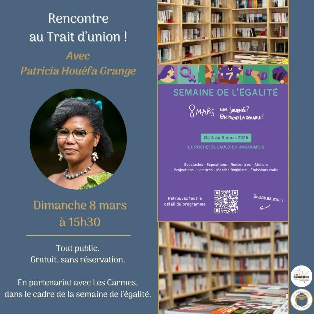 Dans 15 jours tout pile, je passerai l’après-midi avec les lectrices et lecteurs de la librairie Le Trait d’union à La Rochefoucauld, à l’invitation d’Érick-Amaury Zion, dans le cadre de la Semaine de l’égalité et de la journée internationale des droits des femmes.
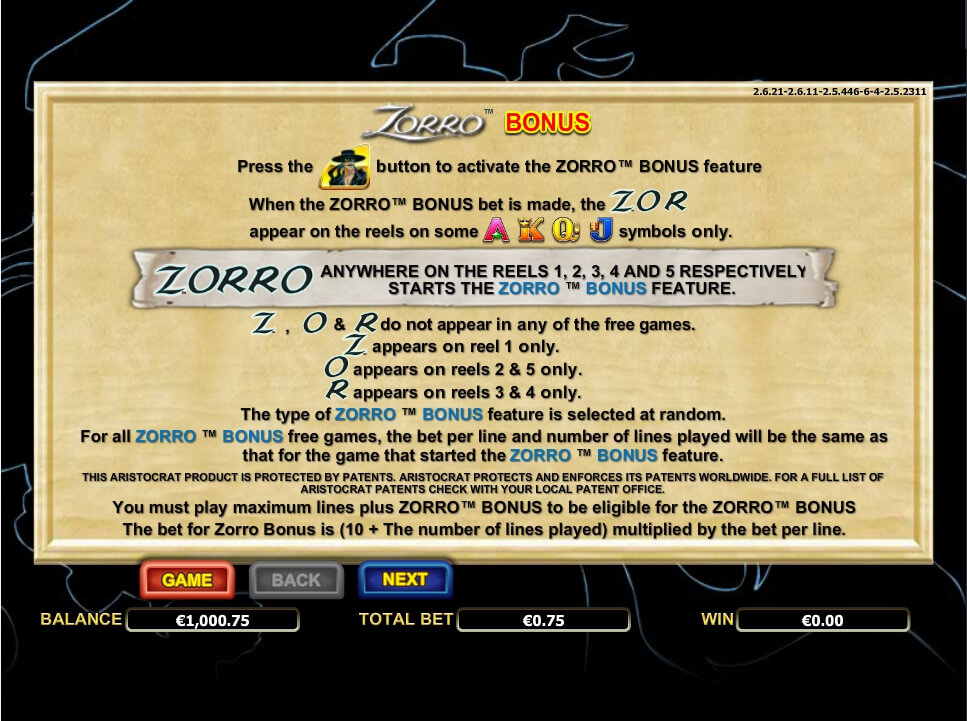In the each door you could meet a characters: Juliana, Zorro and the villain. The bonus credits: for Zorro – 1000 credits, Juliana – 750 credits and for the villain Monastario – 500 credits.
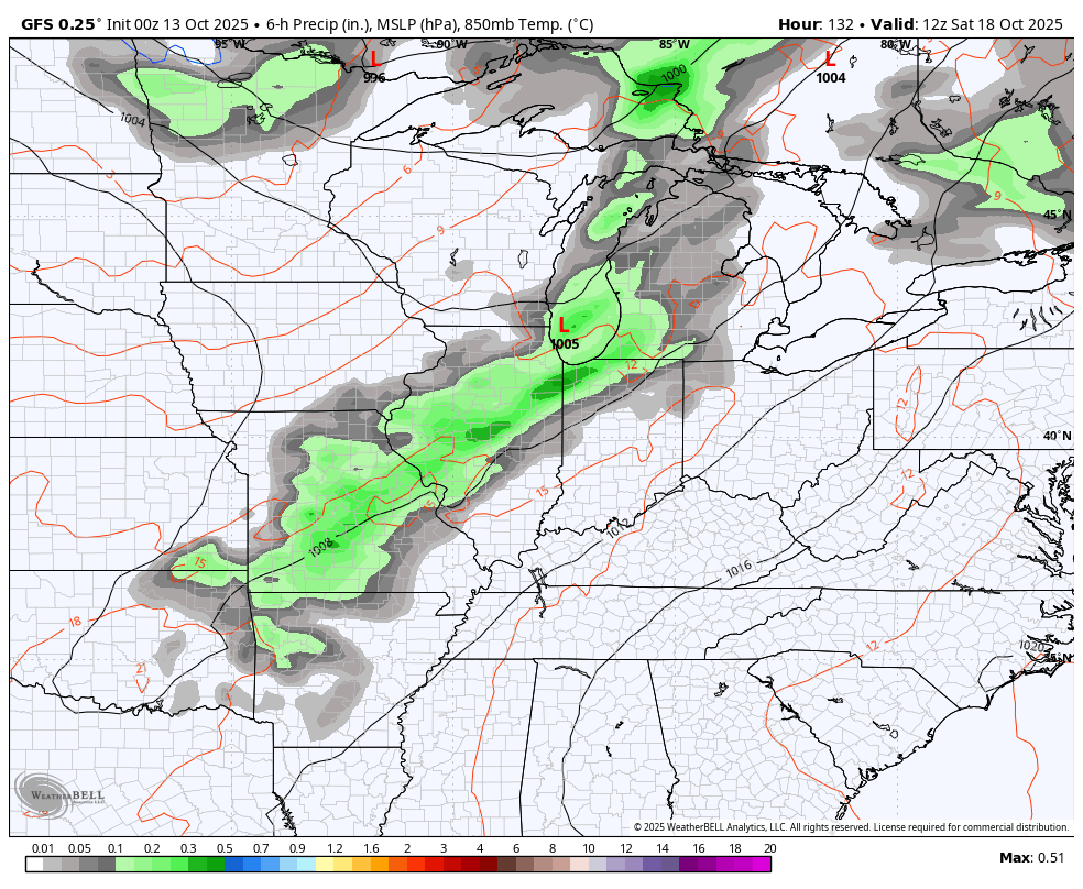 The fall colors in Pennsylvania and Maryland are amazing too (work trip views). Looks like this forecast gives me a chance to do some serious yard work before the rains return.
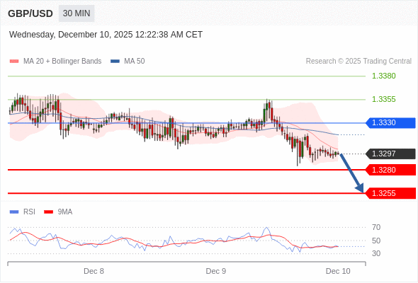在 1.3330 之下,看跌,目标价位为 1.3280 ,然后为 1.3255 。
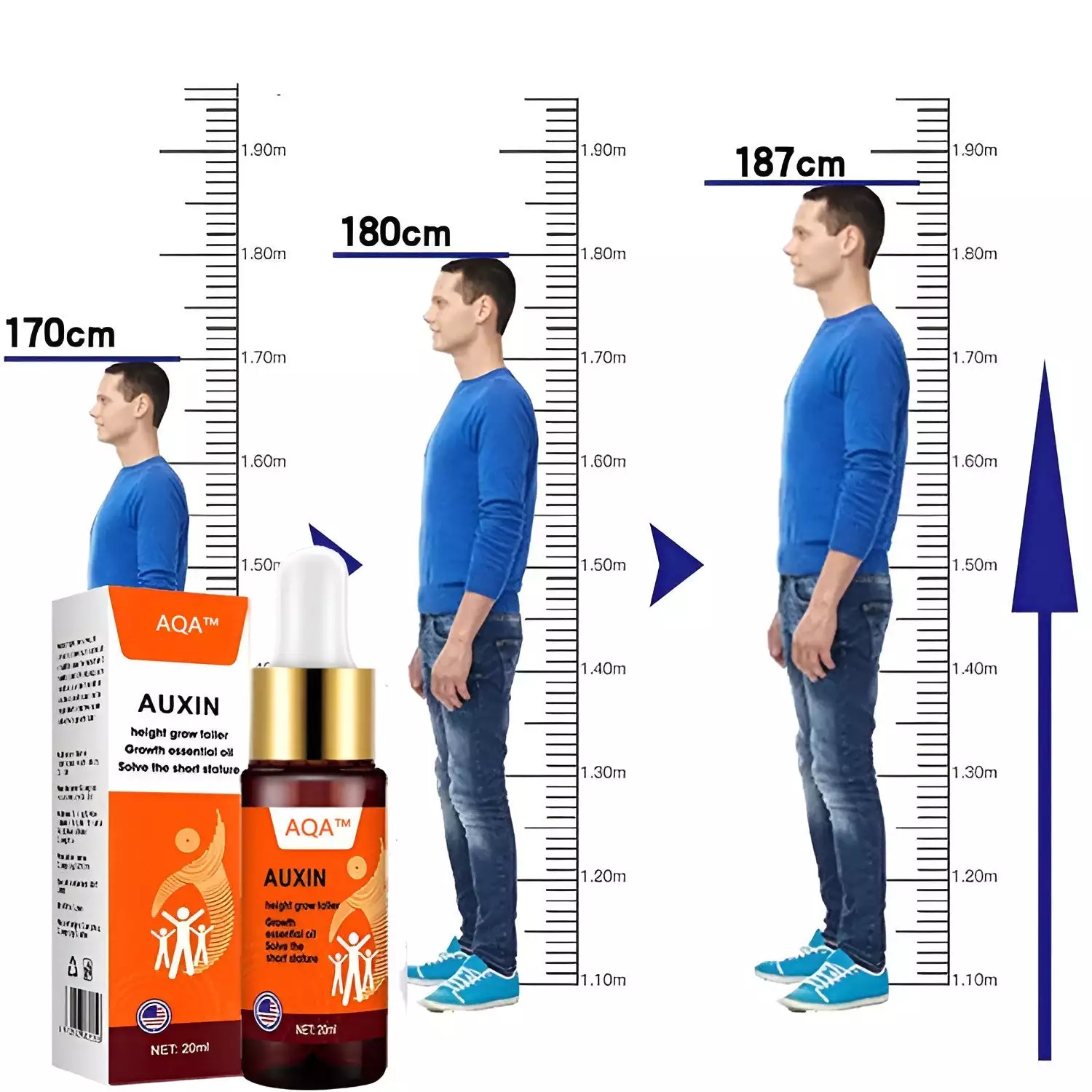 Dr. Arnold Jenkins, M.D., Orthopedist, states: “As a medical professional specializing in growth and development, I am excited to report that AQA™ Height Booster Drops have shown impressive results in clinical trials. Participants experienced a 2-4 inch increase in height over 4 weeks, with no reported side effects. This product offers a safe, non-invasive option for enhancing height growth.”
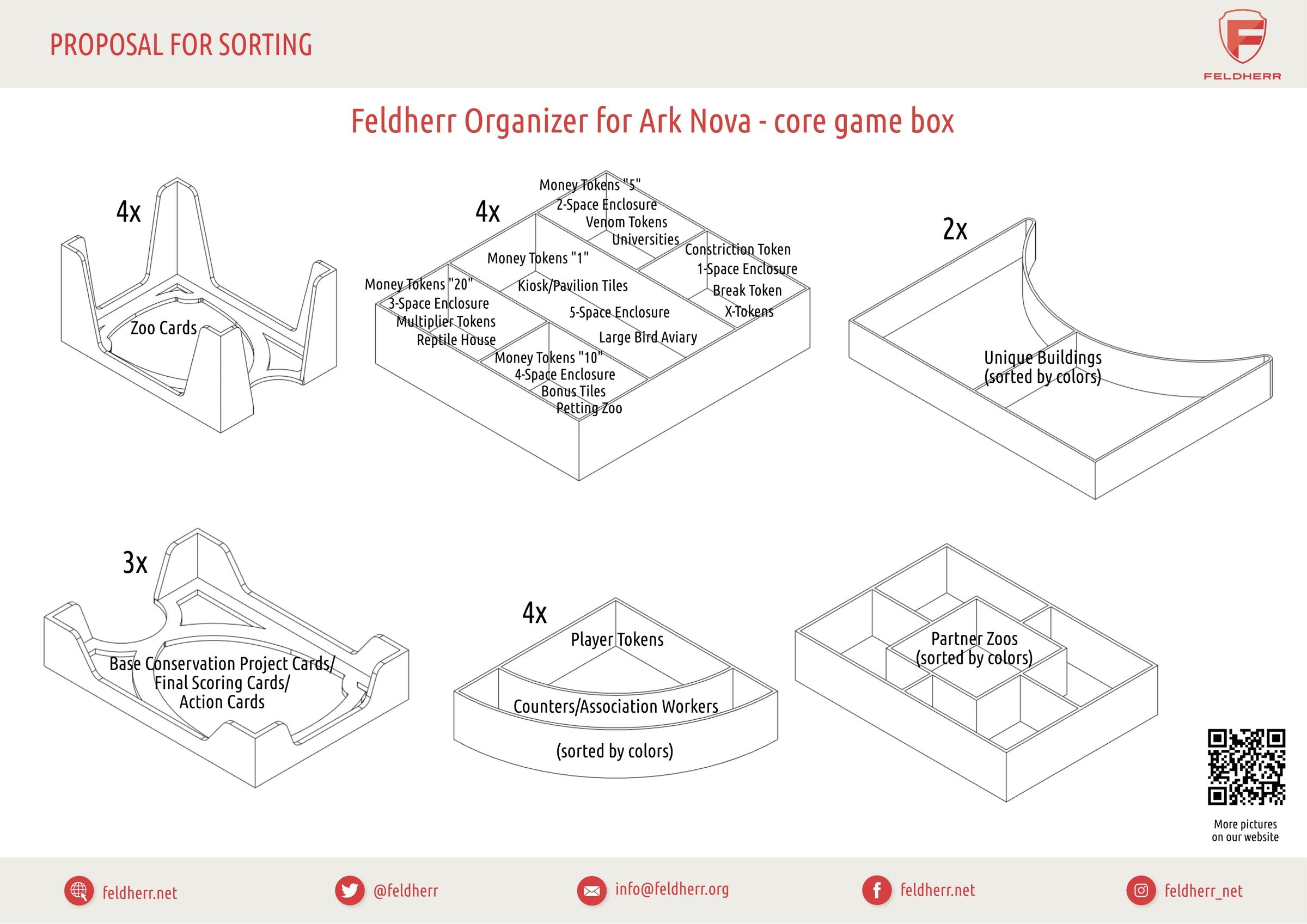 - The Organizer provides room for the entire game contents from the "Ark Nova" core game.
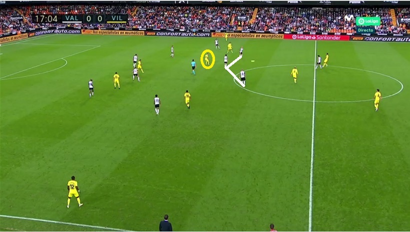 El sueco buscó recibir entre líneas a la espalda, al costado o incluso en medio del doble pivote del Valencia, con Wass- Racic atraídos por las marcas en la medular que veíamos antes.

--- --- ---

TASK REQUIREMENTS -
If pictures appear among the entries above, omit them; repeat everything else verbatim.

ANSWER TO THIS PROBLEM -
 Dans 15 jours tout pile, je passerai l’après-midi avec les lectrices et lecteurs de la librairie Le Trait d’union à La Rochefoucauld, à l’invitation d’Érick-Amaury Zion, dans le cadre de la Semaine de l’égalité et de la journée internationale des droits des femmes.
In the each door you could meet a characters: Juliana, Zorro and the villain. The bonus credits: for Zorro – 1000 credits, Juliana – 750 credits and for the villain Monastario – 500 credits.
 The fall colors in Pennsylvania and Maryland are amazing too (work trip views). Looks like this forecast gives me a chance to do some serious yard work before the rains return.
在 1.3330 之下,看跌,目标价位为 1.3280 ,然后为 1.3255 。
 Dr. Arnold Jenkins, M.D., Orthopedist, states: “As a medical professional specializing in growth and development, I am excited to report that AQA™ Height Booster Drops have shown impressive results in clinical trials. Participants experienced a 2-4 inch increase in height over 4 weeks, with no reported side effects. This product offers a safe, non-invasive option for enhancing height growth.”
 - The Organizer provides room for the entire game contents from the "Ark Nova" core game.
 El sueco buscó recibir entre líneas a la espalda, al costado o incluso en medio del doble pivote del Valencia, con Wass- Racic atraídos por las marcas en la medular que veíamos antes.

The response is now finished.